自分でスイッチを切り替える手間すら省き、「このスマホは低速・テキスト専用の連絡ツールだ」と完全に割り切って運用するのであれば、このなっとくプラン(ライト)はこれ以上ないほどランニングコストを抑えられる最適な選択肢となります。
メイン回線にトラブルが起きた際のデュアルSIM用(予備)としての活用
また、この低速無制限の特性は、仕事の通信環境における「強力な保険(予備回線)」としても機能します。
たとえば、メインの回線として楽天モバイルとUQモバイルはどっちがいい?などの記事を参考に高速なキャリアを契約しておき、もう一つのSIMスロットにこの「LIBMOの低速無制限プラン」を入れておくデュアルSIM運用です。
万が一、メイン回線で大規模な通信障害が起きて圏外になってしまった場合でも、すぐに予備のLIBMO回線に切り替えれば、少なくとも「テキストでの業務連絡(LINEやメール)」と「音声通話」は確保することができます。ビジネスにおける「連絡が完全に途絶えるリスク」を月数百円で回避できると考えれば、非常に安い投資と言えます。
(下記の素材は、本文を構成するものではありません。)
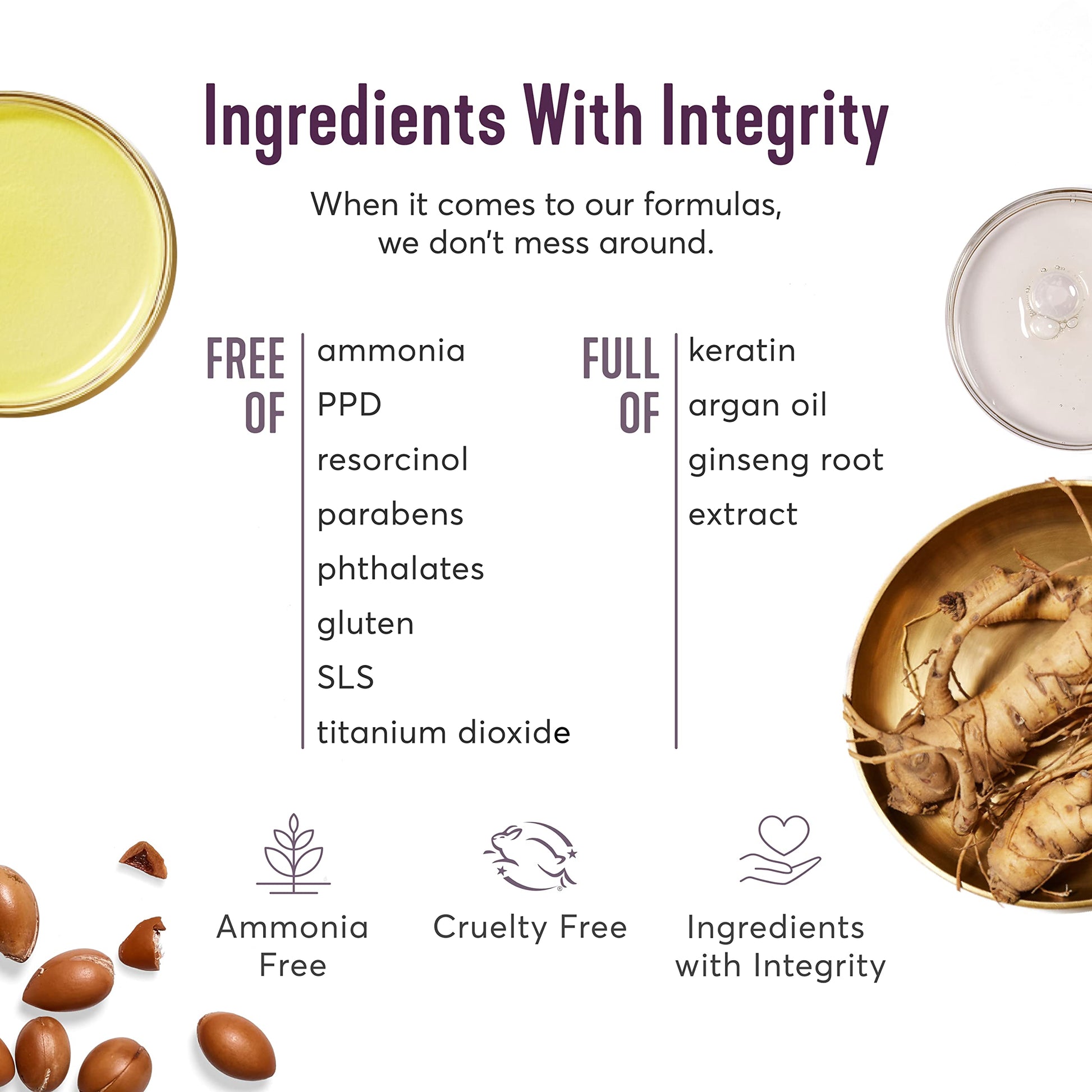- KERATIN ENRICHED HAIR COLOR: Permanent hair color is infused with hair-loving ingredients: keratin, argan oil, and ginseng root extract to leave your hair feeling healthy, conditioned, and shiny. No harsh ingredients: 100% ammonia-free, PPD-free, resorcinol-free, paraben-free, pthalates-free, SLS-free, gluten-free, titanium-dioxide-free, and cruelty-free.

まとめ:低速モードの特性を理解して、ギガ不足の不安から解放されよう
今回は、LIBMOの低速モード(最大200kbps)の仕組みと切り替え手順、そして実測レビューと賢い運用術について解説しました。
- 低速モード(最大200kbps)に切り替えると、データ容量が一切減らなくなる(無制限)
- 切り替えはマイページからワンタップで、1日に何度でも即座にオン・オフ可能
- テキストメールやLINEのやり取り、IP電話であれば200kbpsでも十分実用的
- 普段は低速で待機し、重い作業の時だけ高速に戻すのが最強のギガ節約術
「ギガが足りないから高いプランに変える」という発想から抜け出し、「いかにギガを消費せずにやり過ごすか」というコントロール術を身につけることが、経費削減への近道です。
格安SIMのデメリットを知ろう!でもお伝えしている通り、提供されている機能をフル活用して、自分にとって一番心地よい(そして安い)ビジネス通信環境を作り上げてくださいね!